What you have to do:
Repeat the data below exactly, dropping any pictures it holds.

_ _ _ _ _

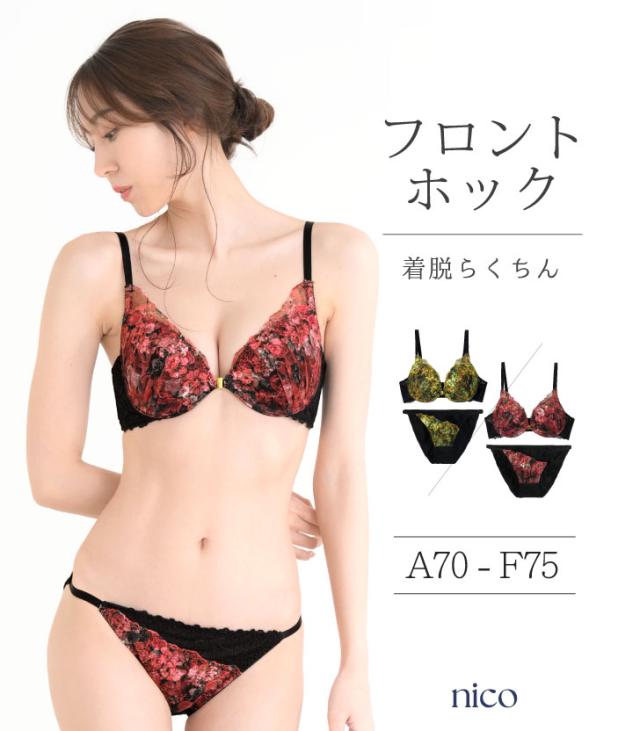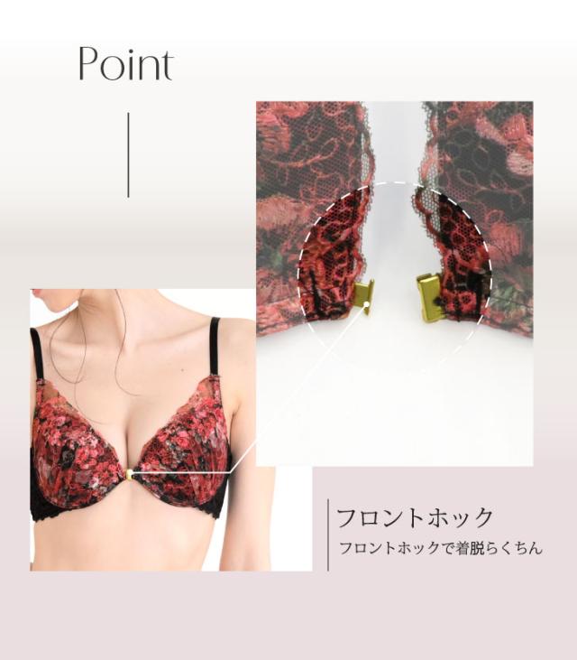 フラワープリント セクシー シック フロントホック A70?F75 ブラジャー&ショーツセット(J-2142)[メール便不可]【 ブラセット 盛りブラ 下着 ブラジャー ショーツ セット レディース インナー 女性 Eカップ Fカップ プチプラ かわいい 大きいサイズ 上下セット】
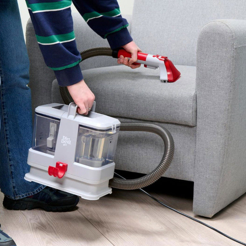 DIRT DEVIL DD1005 globinski čistilec madežev, 330W, 1.8m sesalna cev, 800ml rezervoar za vodo, ultra lahka teža, 2 nastavka, za vse vrste površin / materialov, belo-rdeč
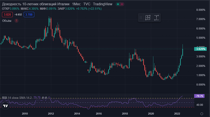 Купонные ставки по облигациям Италии и Греции взмыли вверх, оторвавшись от соответствующих показателей остальных государств Европы. Ситуация напоминает долговой кризис десятилетней давности, когда европейский финансовый сектор спасли только экстренные меры (покупкой Евробондов проблемных стран и три пакета помощи Греции). Сейчас такая возможность отсутствует из-за необходимости параллельно сдерживать разгоняющуюся инфляцию. ЕЦБ прийдётся выбирать между инфляцией и долговым кризисом стран. А теперь перейдём к причинам такого резкого скачка.
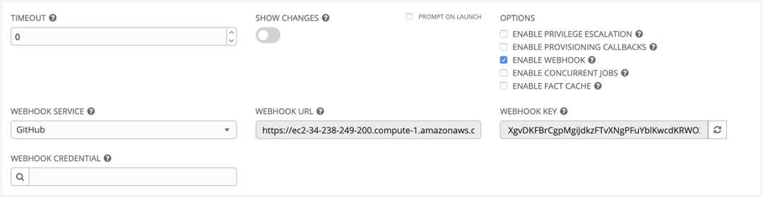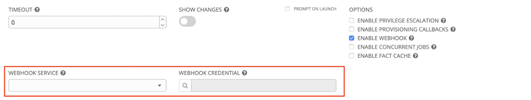 To enable an Automation Webhook for your job template, scroll down to the "Options" section and tick the "Enable Webhook" box. When you enable a Webhook, other related fields display, prompting for additional information to set up the Webhook source.
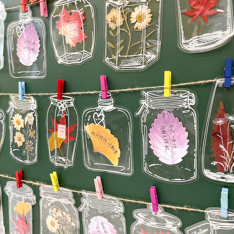 创意透明瓶子里的秋天手工diy干花书签膜幼儿园小学生自制心愿卡
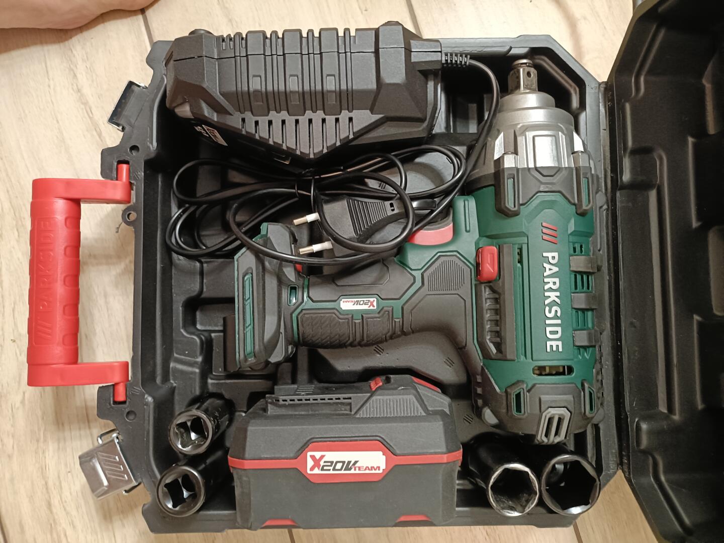 Klucz udarowy Parkside w wytrzymałej, plastikowej obudowie. Nadaje się do różnych zastosowań, takich jak montaż lub demontaż części samochodowych. Produkt niezawodny i łatwy w użyciu. 3 razy użyty i stwierdziłem że nie potrzebny jest na gwarancji paragon mam

_ _ _ _ _

Output of the task:
 フラワープリント セクシー シック フロントホック A70?F75 ブラジャー&ショーツセット(J-2142)[メール便不可]【 ブラセット 盛りブラ 下着 ブラジャー ショーツ セット レディース インナー 女性 Eカップ Fカップ プチプラ かわいい 大きいサイズ 上下セット】
 DIRT DEVIL DD1005 globinski čistilec madežev, 330W, 1.8m sesalna cev, 800ml rezervoar za vodo, ultra lahka teža, 2 nastavka, za vse vrste površin / materialov, belo-rdeč
 Купонные ставки по облигациям Италии и Греции взмыли вверх, оторвавшись от соответствующих показателей остальных государств Европы. Ситуация напоминает долговой кризис десятилетней давности, когда европейский финансовый сектор спасли только экстренные меры (покупкой Евробондов проблемных стран и три пакета помощи Греции). Сейчас такая возможность отсутствует из-за необходимости параллельно сдерживать разгоняющуюся инфляцию. ЕЦБ прийдётся выбирать между инфляцией и долговым кризисом стран. А теперь перейдём к причинам такого резкого скачка.
 To enable an Automation Webhook for your job template, scroll down to the "Options" section and tick the "Enable Webhook" box. When you enable a Webhook, other related fields display, prompting for additional information to set up the Webhook source.
 创意透明瓶子里的秋天手工diy干花书签膜幼儿园小学生自制心愿卡
 Klucz udarowy Parkside w wytrzymałej, plastikowej obudowie. Nadaje się do różnych zastosowań, takich jak montaż lub demontaż części samochodowych. Produkt niezawodny i łatwy w użyciu. 3 razy użyty i stwierdziłem że nie potrzebny jest na gwarancji paragon mam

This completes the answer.